Back in the Jan. '09 Shop Talk, I listed a few of my personal misadventures and even inquired about a few of your own. I have to say, all of the emails were great. Most made us laugh, while a few made us cringe from the descriptive details. Here are a few we've selected to share with everyone, and if you included your address, expect your CHP plate in the mail shortly. The rest of you, keep them coming.
I was working on a '64 Chevelle with me on a creeper, and the front end of the car lifted up on axle stands. When I was under there, I noticed that the steering linkage was hitting the oil pan when the steering wheel was turned hard to the right. The oil pan had an indentation that had almost worn through the metal. At the time, I figured that I should be able to just touch that spot with the MIG welder and build it up so that it wouldn't leak.
I disconnected the negative from the battery and grounded out the MIG welder. I no sooner touched the welding tip to the oil pan when a loud and violent explosion took place. Obviously I was terrified, figuring I had blown up the motor. When I crawled out from under the car, the first thing I noticed was that both the valve cover breathers were missing, including the dipstick. Since the hood of the car was up, these pieces obviously went flying somewhere, but where? Turns out the valve cover breathers hit the hood. I was lucky on one side because it hit the framework on the underside of the hood. However, the driver-side valve cover breather put a major dent in the surface of the hood. I later found the valve cover breathers in different locations on the shop floor, but I still wasn't sure what happened to the dipstick. After looking everywhere for it, I found it embedded in the drywall at the other side of the shop.

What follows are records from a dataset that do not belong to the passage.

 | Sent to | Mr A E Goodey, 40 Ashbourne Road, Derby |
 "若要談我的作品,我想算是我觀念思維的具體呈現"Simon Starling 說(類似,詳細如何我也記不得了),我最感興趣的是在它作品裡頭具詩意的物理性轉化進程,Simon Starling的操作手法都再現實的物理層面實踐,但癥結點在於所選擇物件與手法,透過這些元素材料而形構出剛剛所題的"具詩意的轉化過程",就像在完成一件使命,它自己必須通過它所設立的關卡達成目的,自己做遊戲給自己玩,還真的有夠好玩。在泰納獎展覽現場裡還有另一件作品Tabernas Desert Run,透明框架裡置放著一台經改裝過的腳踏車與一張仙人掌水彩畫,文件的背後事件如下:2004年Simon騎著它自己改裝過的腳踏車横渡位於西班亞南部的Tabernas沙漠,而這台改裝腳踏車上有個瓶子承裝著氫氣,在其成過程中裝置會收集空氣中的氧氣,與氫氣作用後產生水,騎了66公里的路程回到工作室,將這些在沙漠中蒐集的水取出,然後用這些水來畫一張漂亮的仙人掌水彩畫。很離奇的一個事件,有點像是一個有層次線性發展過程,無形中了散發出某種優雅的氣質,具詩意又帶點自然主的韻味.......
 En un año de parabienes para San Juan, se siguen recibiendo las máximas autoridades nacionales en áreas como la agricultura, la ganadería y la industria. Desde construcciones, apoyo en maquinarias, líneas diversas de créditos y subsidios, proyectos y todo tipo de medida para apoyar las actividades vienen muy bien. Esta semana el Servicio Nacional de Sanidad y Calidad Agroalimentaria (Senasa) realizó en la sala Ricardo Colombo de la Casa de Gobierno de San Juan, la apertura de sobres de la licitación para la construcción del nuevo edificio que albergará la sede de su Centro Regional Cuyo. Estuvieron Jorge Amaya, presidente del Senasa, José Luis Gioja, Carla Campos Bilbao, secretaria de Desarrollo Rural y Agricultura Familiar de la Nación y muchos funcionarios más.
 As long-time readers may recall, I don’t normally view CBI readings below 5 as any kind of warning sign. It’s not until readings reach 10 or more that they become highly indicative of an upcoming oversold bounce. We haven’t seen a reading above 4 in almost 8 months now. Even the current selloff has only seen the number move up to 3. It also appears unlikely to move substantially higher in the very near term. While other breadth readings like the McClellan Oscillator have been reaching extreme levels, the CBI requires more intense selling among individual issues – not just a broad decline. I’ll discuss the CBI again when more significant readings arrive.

Thankfully no one was standing looking into that engine bay when I did the welding. I guess that the gas/oil fumes that were in the crankcase exploded when the MIG wire heated the oil pan metal. Other than the dent in the hood, the car wasn't damaged and that dent is still in the hood. Of course, the story gets retold every time someone asks about the dent. Thanks for a great magazine. I have been a subscriber for many years now.
My first real car was an '85 Firebird. It started as a bare-bones 140hp 305 five-speed combo, and after a few years and a few combinations it was sporting a decent 357 SBC backed by a TH-400 with a nice loose converter. This was my college ride, and though it was rough and aging, it was a blast to drive! However, it suffered from a hard-to-trace drivability problem. The car ran great, but I could never seem to get the jetting quite right. It was equipped with an Edelbrock 750-cfm carb, and jetting changes necessitated removing the top of the carb to access the jets at the bottom of the float bowls.

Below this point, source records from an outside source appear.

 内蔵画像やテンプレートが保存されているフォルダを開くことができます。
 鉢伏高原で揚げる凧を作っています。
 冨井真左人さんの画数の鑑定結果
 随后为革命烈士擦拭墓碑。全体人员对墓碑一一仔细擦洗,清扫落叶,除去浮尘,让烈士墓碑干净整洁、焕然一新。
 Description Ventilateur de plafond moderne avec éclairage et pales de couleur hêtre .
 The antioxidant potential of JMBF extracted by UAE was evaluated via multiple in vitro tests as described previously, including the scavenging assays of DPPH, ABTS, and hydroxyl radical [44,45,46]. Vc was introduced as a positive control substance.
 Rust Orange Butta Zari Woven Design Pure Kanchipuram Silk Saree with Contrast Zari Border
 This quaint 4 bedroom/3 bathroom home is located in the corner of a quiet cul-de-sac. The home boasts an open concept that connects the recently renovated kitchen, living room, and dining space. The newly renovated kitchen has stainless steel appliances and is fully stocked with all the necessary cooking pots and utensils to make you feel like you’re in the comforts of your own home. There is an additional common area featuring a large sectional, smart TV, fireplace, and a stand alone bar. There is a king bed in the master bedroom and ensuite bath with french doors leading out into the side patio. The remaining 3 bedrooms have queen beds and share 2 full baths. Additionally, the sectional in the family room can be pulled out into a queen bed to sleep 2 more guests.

One particular night at school around 11, I decided it was time to rejet the carb yet again. Unfortunately, the only light available was from a single bulb far up on a pole in front of my trailer (yes, us automotive students had some fantastic accommodations). I pulled the car directly under the light and got to work. Though the light was fairly dim, removing the eight screws that secured the top of the carb went quickly, and I proceeded to remove the small clip attached to the accelerator pump linkage.